A friend and energy expert recently asked: What’s the bigger threat to the oil industry, electric vehicles or renewable energy?
My answer – which has taken on an added dimension amid the uproar over the killing of journalsit Jamal Khashoggi – was that the real challenge is something more amorphous, but bigger: aversion.
That isn’t to dismiss the two technologies he asked about – although it was a bit of a trick question. Electric vehicles using conventional power sources such as coal or natural gas don’t fully displace the carbon emissions of regular cars. Just as the marriage of automobiles with petrol challenged the horse in early 20th-century transportation, so the marriage of electric vehicles with renewable energy challenges the internal combustion engine.
This is happening already in the market that, perhaps more than any other, will determine the shape of the 21st-century energy market: China. Sales of light-duty vehicles in the Chinese market – the world’s biggest since 2009 – fell 12 per cent in September, year over year, the third monthly decline in a row. Yet sales of electric vehicles (including plug-in hybrids) jumped by 75 per cent. They may constitute only 5 per cent of the market, but in three of the past four quarters, they’ve accounted for half or all of the growth.
China’s rapid industrialisation has taken an environmental toll, and Beijing has tried to address the resulting social discontent. Pollution in Chinese cities has decreased but last year remained far above World Health Organization standards. Encouraging renewable power and electric vehicles – as well as natural gas muscling in on coal – makes sense and will continue to do so.
Another consideration is strategic. Unlike the US, China isn’t an oil and gas powerhouse, and its rising import dependence leaves it at the mercy of the navy of a certain superpower currently waging a trade war on it. It also makes China dependent on that notably less-predictable regime in Riyadh. These are not positions Beijing relishes.

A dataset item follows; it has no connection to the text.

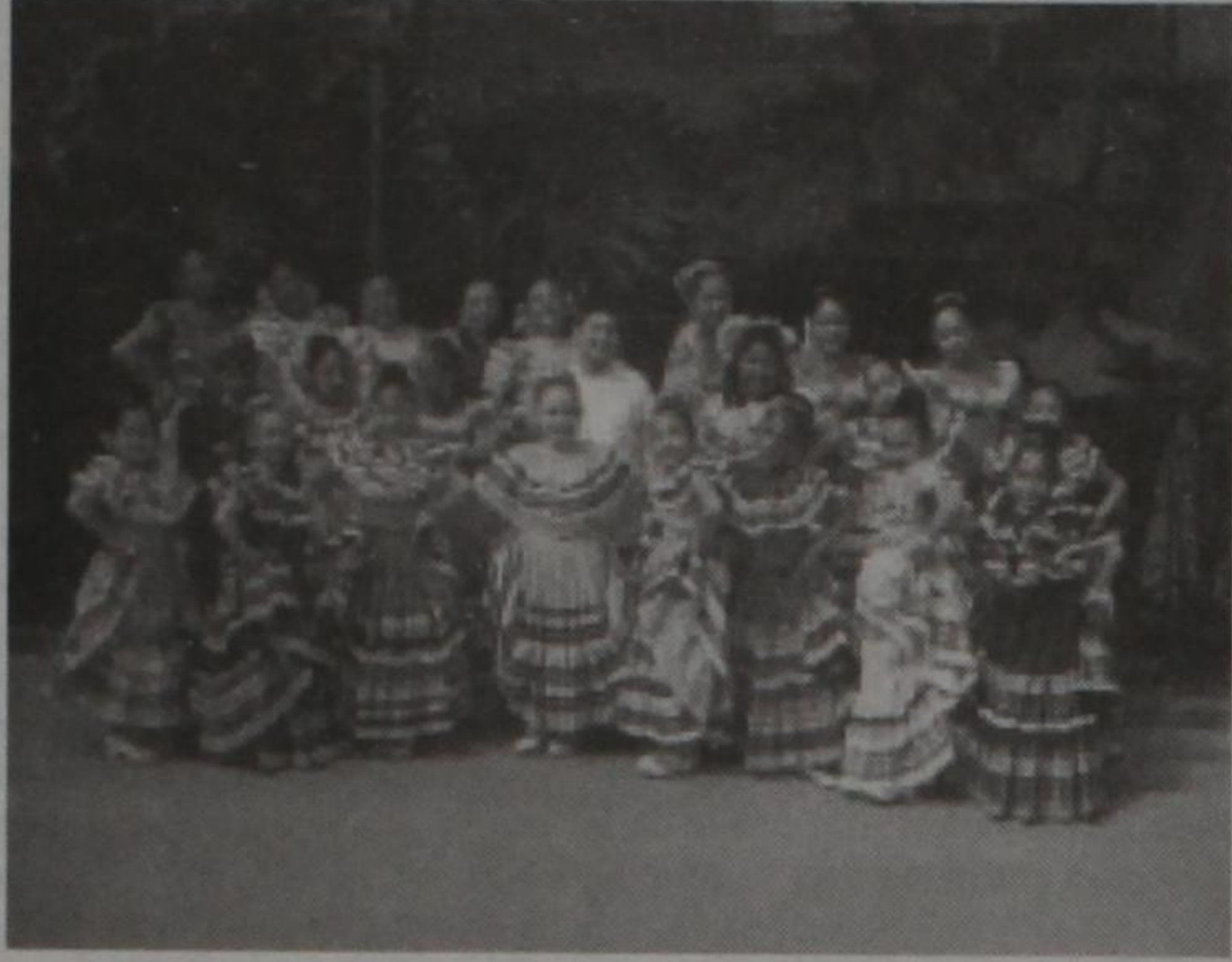
Ballet Folklorico Aztlan de Lubbock

El publico es invitado a participar a las actividades empesando el Viernes y continuando hasta el Sabado por la noche. Aqui en esta pagina de El Editor presentamos el horario al igual de lotos fotos de aglunos de los Ballets quien participaran. ¡No falte a las activiades!

China’s strength is in manufacturing, not extraction. So it has a vested interest in not repeating the 20th-century model of Western industrial development and instead doing for electric vehicles and batteries what it did for solar panels: manufacturing their costs into the ground.
Leaving China’s strategic considerations aside, aversion to oil has also crept in around the edges of the capital markets.
At the extreme, this involves ditching fossil-fuel-linked investments altogether, usually on environmental or social grounds or concern that “peak demand” will undermine their value.
More prosaically, the oil and gas industry is coming off a decade of poor returns teed up by the last investment boom. Desertion of the sector may not be quite at the levels of the Future Investment Initiative that limped into action in Saudi Arabia on Tuesday, but it hasn’t been winning any popularity contests.
My regular readers will know my skepticism about the valuation of a certain electric-vehicle maker. Tesla is festooned with red flags. The past few months alone have involved the CEO tweeting about a non-existent takeover deal; getting sued by regulators for it; then settling with them while also taunting them on Twitter. The stock has dropped by almost a third since early August.
Yet despite all this, Tesla’s market cap is still at $US44.5 billion ($62.8 billion). Oil executives should ponder that the next time they get dragged for raising their capex budget 5 per cent.
This may seem absurd; but then, from a purely financial perspective, you could have said the same thing about the pre-2014 fracking boom.
Constraining investment
The real problem here is that investors’ aversion – whatever the cause – is constraining investment in new oil and gas production; which could, in turn, tee up price spikes and economic damage. And who will get blamed for that? Somehow, I don’t think it will be Tesla.
Saying “it’s different this time” is a good way of eventually looking like an idiot. But it’s safe to say at least that the world around the oil and gas business has changed in several fundamental respects.
Long-term demand is no longer a mere function of economic projections. Competition between energies has gathered momentum, even in previously untouchable markets such as transportation.
That aversion has a powerful and implacable impetus: the existential threat of climate change. The latest report of the Intergovernmental Panel on Climate Change was a reminder that what has been implicitly treated as our descendants’ problem (a morally indefensible position anyway) requires urgent action now.
Efforts such as the Oil and Gas Climate Initiative show that at least some in the industry recognise the problem. Yet decades of foot-dragging by many companies contributed to the dangerous transformation of climate science into a form of political theology, making it tough to even debate solutions.
Losing hearts and minds
And now, as Khashoggi’s death and aftermath illustrate, the ground beneath the energy market’s feet is shifting to an extent not seen in decades.
This isn’t about the killing of one journalist. It’s about previous geopolitical certainties such as America’s muscular commitment to free trade or Saudi Arabia’s cautious, consensus-driven politics (within the House of Saud, anyway) being upended. How could any planner in Beijing (or New Delhi) look at recent events and feel comfortable about long-term dependence on the energy status quo?
It’s a loss of hearts and minds that challenges energy’s incumbents. Renewable energy and electric vehicles are just tools enabling that to happen.